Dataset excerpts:
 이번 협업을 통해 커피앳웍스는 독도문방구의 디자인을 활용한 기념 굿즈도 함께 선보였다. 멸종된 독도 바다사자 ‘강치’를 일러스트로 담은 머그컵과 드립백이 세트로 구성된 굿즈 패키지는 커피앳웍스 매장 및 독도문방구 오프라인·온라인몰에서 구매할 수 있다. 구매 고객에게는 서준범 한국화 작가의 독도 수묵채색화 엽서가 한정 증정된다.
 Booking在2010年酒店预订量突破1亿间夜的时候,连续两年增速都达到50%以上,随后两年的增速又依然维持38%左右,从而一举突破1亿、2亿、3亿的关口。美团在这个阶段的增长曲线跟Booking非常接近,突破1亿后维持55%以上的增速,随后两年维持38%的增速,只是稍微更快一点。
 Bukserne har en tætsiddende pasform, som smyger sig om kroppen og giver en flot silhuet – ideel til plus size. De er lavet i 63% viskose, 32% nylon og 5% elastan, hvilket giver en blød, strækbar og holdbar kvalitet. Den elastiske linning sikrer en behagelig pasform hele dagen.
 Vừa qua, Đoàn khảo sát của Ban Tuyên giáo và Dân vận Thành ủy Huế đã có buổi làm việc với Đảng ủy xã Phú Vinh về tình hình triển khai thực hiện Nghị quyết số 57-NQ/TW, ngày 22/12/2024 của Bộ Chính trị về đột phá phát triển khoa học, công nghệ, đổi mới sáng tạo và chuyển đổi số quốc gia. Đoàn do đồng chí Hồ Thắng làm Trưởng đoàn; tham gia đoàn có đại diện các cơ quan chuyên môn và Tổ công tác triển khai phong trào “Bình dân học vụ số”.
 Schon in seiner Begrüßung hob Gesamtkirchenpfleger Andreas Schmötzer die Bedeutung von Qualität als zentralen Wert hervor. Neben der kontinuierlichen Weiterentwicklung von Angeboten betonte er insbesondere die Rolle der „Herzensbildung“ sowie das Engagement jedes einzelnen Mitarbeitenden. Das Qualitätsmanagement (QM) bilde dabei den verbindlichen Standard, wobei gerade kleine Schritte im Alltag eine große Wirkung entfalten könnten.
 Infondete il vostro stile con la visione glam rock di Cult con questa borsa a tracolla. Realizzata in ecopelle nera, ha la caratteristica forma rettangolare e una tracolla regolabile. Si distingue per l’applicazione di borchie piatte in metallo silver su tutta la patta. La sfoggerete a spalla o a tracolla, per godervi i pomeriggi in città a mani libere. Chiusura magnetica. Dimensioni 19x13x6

==

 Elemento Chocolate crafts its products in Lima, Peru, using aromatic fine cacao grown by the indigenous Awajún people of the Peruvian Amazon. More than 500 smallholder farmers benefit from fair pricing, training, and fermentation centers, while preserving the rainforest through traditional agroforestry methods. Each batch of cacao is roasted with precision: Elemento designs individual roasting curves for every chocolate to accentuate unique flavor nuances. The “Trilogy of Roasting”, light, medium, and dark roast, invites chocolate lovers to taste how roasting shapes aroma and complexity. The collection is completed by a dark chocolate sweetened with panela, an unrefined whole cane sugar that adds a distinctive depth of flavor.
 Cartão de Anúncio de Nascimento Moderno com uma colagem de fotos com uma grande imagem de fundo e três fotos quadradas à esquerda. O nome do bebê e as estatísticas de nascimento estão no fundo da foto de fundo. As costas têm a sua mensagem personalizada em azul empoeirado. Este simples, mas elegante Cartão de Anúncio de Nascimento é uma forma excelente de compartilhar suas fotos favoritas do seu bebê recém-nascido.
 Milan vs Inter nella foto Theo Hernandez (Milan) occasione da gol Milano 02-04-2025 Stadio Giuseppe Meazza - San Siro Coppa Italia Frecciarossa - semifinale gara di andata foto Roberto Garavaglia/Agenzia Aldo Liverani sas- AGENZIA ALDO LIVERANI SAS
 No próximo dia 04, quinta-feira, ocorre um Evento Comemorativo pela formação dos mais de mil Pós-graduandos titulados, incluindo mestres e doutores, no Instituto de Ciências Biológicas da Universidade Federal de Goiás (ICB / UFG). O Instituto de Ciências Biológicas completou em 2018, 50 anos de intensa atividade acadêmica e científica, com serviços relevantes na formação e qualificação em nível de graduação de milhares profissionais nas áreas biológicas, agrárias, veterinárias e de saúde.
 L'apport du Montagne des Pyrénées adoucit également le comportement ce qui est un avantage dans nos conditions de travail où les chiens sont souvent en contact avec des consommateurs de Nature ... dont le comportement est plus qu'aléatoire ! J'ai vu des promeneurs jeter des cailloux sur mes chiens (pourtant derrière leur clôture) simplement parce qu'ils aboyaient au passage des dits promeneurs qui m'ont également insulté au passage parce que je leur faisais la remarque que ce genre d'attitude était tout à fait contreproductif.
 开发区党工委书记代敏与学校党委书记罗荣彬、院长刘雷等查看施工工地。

* * *

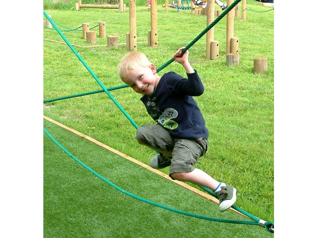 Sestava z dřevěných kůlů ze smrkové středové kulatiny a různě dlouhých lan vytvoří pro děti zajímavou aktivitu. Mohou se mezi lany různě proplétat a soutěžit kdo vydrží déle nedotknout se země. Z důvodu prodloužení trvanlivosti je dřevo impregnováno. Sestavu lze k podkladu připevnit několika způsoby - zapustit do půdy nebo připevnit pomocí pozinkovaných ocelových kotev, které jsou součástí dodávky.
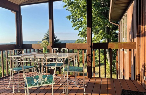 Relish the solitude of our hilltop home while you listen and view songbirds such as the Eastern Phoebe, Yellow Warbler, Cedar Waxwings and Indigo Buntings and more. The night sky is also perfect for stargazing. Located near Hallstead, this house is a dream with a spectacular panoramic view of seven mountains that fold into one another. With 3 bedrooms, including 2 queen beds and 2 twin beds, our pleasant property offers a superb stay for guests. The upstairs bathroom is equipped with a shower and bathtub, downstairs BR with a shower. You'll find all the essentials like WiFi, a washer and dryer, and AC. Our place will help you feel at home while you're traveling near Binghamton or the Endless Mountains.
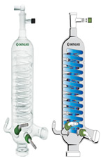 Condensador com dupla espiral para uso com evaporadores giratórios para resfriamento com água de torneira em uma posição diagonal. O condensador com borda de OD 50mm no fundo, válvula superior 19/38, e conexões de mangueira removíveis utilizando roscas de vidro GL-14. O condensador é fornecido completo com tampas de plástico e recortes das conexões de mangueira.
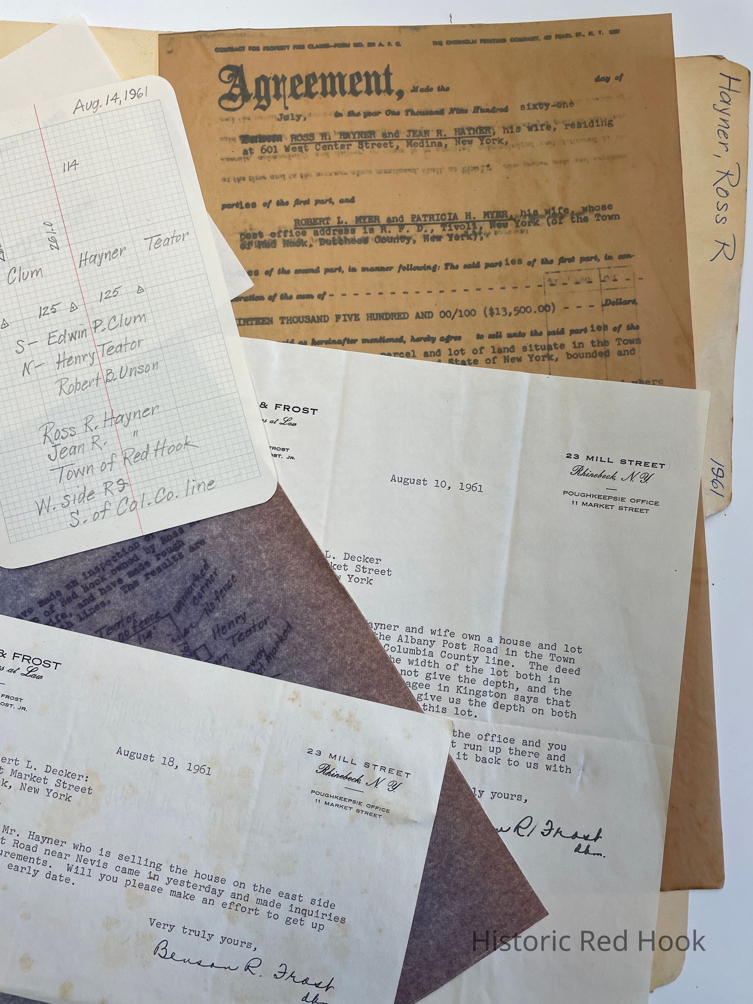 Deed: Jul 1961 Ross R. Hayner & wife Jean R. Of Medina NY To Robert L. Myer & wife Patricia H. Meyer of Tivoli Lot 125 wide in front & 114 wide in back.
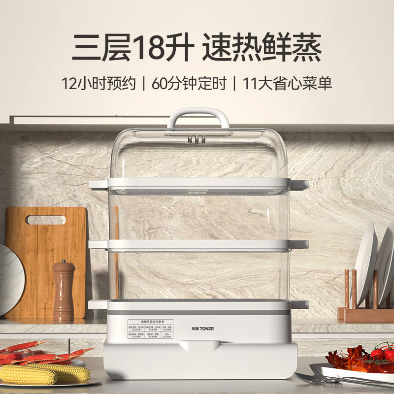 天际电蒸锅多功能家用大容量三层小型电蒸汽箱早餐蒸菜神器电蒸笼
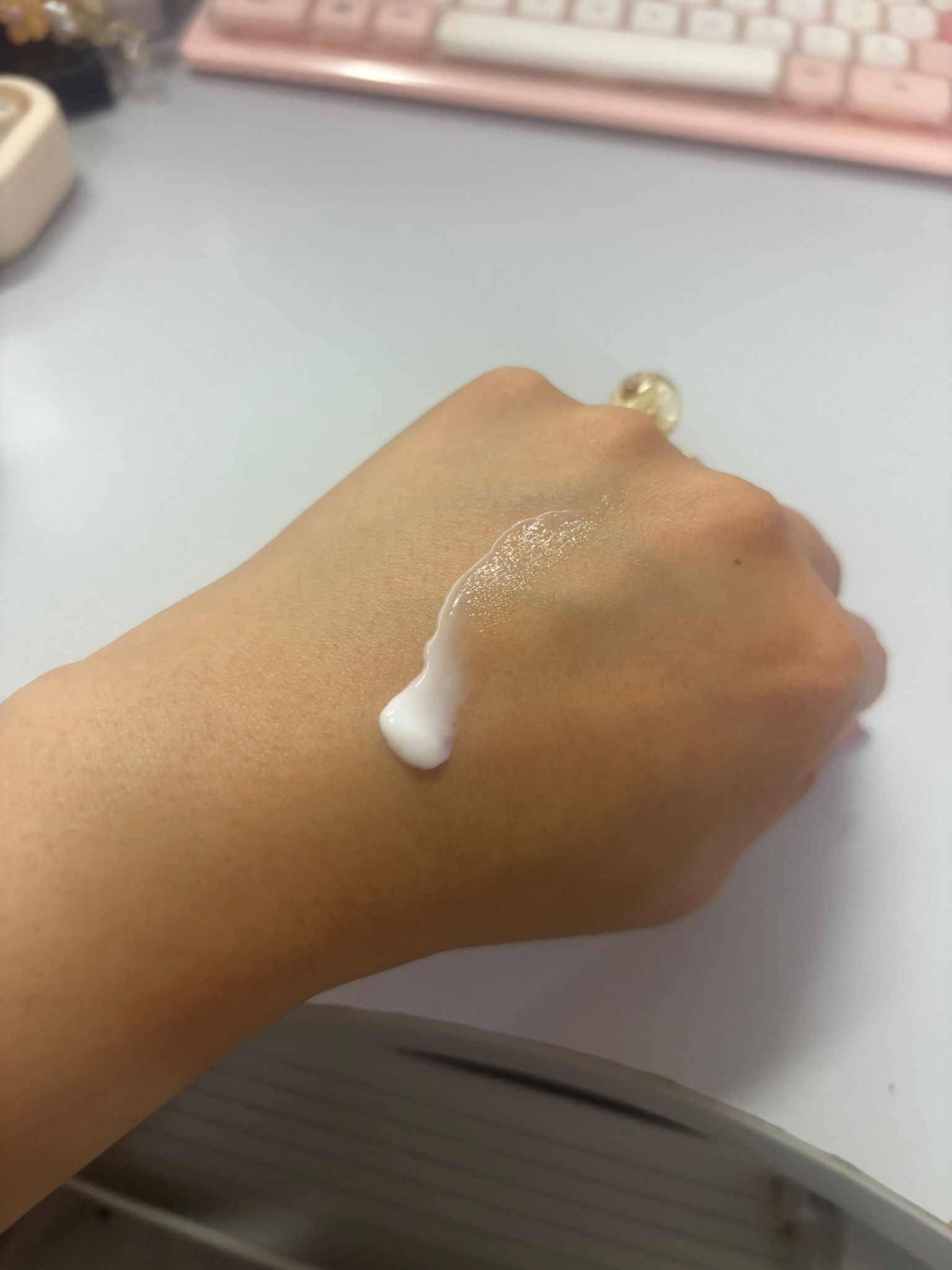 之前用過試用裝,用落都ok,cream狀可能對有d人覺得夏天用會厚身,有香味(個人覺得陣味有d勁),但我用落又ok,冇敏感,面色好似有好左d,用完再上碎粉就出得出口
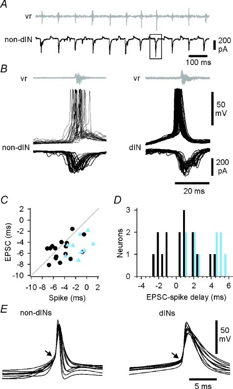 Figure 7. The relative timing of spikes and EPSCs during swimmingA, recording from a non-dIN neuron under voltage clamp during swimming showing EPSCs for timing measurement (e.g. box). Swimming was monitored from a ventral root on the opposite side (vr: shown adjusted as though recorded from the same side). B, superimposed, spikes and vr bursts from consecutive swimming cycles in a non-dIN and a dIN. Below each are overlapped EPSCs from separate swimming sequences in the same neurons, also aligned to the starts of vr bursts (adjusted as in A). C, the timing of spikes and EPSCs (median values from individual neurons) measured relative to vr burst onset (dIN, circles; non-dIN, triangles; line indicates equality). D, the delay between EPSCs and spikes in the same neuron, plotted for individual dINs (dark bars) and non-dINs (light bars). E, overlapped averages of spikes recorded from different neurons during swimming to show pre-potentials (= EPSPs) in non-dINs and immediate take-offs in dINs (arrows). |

» **Required work**: Could you set down, word for word, only the lines above from the line with "이번 협업을 통해 커피앳웍스는" to the line with "Vừa qua, Đoàn", including both?

» **Your response**:
 이번 협업을 통해 커피앳웍스는 독도문방구의 디자인을 활용한 기념 굿즈도 함께 선보였다. 멸종된 독도 바다사자 ‘강치’를 일러스트로 담은 머그컵과 드립백이 세트로 구성된 굿즈 패키지는 커피앳웍스 매장 및 독도문방구 오프라인·온라인몰에서 구매할 수 있다. 구매 고객에게는 서준범 한국화 작가의 독도 수묵채색화 엽서가 한정 증정된다.
 Booking在2010年酒店预订量突破1亿间夜的时候,连续两年增速都达到50%以上,随后两年的增速又依然维持38%左右,从而一举突破1亿、2亿、3亿的关口。美团在这个阶段的增长曲线跟Booking非常接近,突破1亿后维持55%以上的增速,随后两年维持38%的增速,只是稍微更快一点。
 Bukserne har en tætsiddende pasform, som smyger sig om kroppen og giver en flot silhuet – ideel til plus size. De er lavet i 63% viskose, 32% nylon og 5% elastan, hvilket giver en blød, strækbar og holdbar kvalitet. Den elastiske linning sikrer en behagelig pasform hele dagen.
 Vừa qua, Đoàn khảo sát của Ban Tuyên giáo và Dân vận Thành ủy Huế đã có buổi làm việc với Đảng ủy xã Phú Vinh về tình hình triển khai thực hiện Nghị quyết số 57-NQ/TW, ngày 22/12/2024 của Bộ Chính trị về đột phá phát triển khoa học, công nghệ, đổi mới sáng tạo và chuyển đổi số quốc gia. Đoàn do đồng chí Hồ Thắng làm Trưởng đoàn; tham gia đoàn có đại diện các cơ quan chuyên môn và Tổ công tác triển khai phong trào “Bình dân học vụ số”.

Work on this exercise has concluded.